In actual conditions, the influence of many factors such as the naval vessel is subjected to serviceable life, wave stroke, solar radiation, the operation of coming about, hull load, the capital causes the ship deck distortion, and the distortion meeting of ship deck produces very important influence to the fast initial alignment of each local inertial navigation equipment on the naval vessel.The deck distortion generally includes dynamic deformation and static deformation.Wherein the deck static angular distortion on naval vessel mainly is subjected to the influence of factors such as long, institute's cargo in serviceable life on naval vessel, fuel change and Exposure to Sunlight.Static angular is not constant all the time, just the cycle of angle variation is long, think constant in time at short aligning, according to the relevant afloat measuring reports in naval vessel, and show that in the measured experimental data of different sea condition sea trials the deflection among a day can reach 1 °～1.5 °.Therefore, how to measuring significant based on the ship deck static deformation of optical fibre gyro.

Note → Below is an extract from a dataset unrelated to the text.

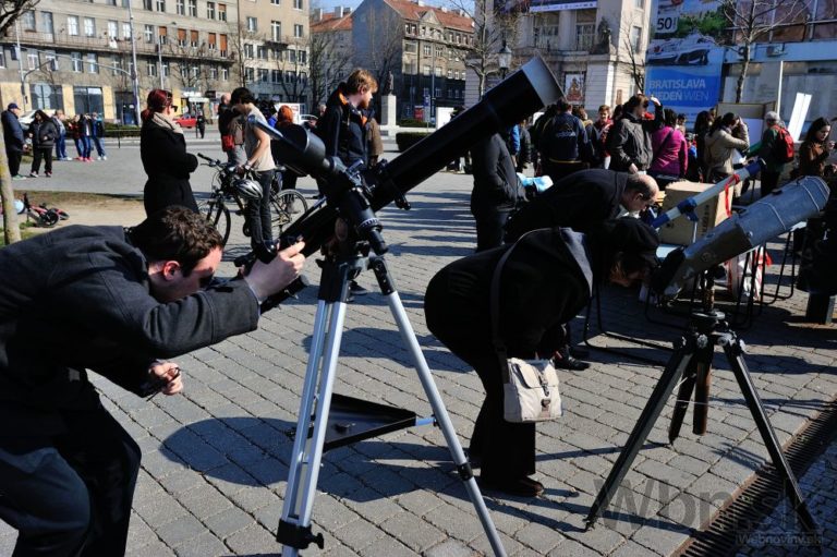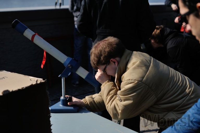 Pred Prírodovedeckým múzeom SNM v Bratislave si mohli ľudia pozrieť zatmenie Slnka cez profesionálne ďalekohľady. (20. marca 2015) Foto: SITA/Robert Tappert

Alignment procedures exists the contradiction between rapidity and the accuracy, in order to solve steady, fast, the accurate coordination problem of alignment procedures, consider to make full use of the output information of the inertia assembly of the navigation information of naval vessel master's inertial navigation and carrier-borne equipment, carry out Transfer Alignment, can significantly reduce the aligning time and obtain good alignment precision, and distortion angle, deck has a strong impact on the effect of fast transfer alignment.Traditional method of utilizing optical correction instrument calibration distortion angle need provide expensive instrument, needs to lay the light path of calibration usefulness simultaneously, does not have practicality on large ship.

(3) summary of the invention

The object of the present invention is to provide a kind of a kind of method that ship deck static deformation angle is measured that can effectively measure for ship deck static deformation angle.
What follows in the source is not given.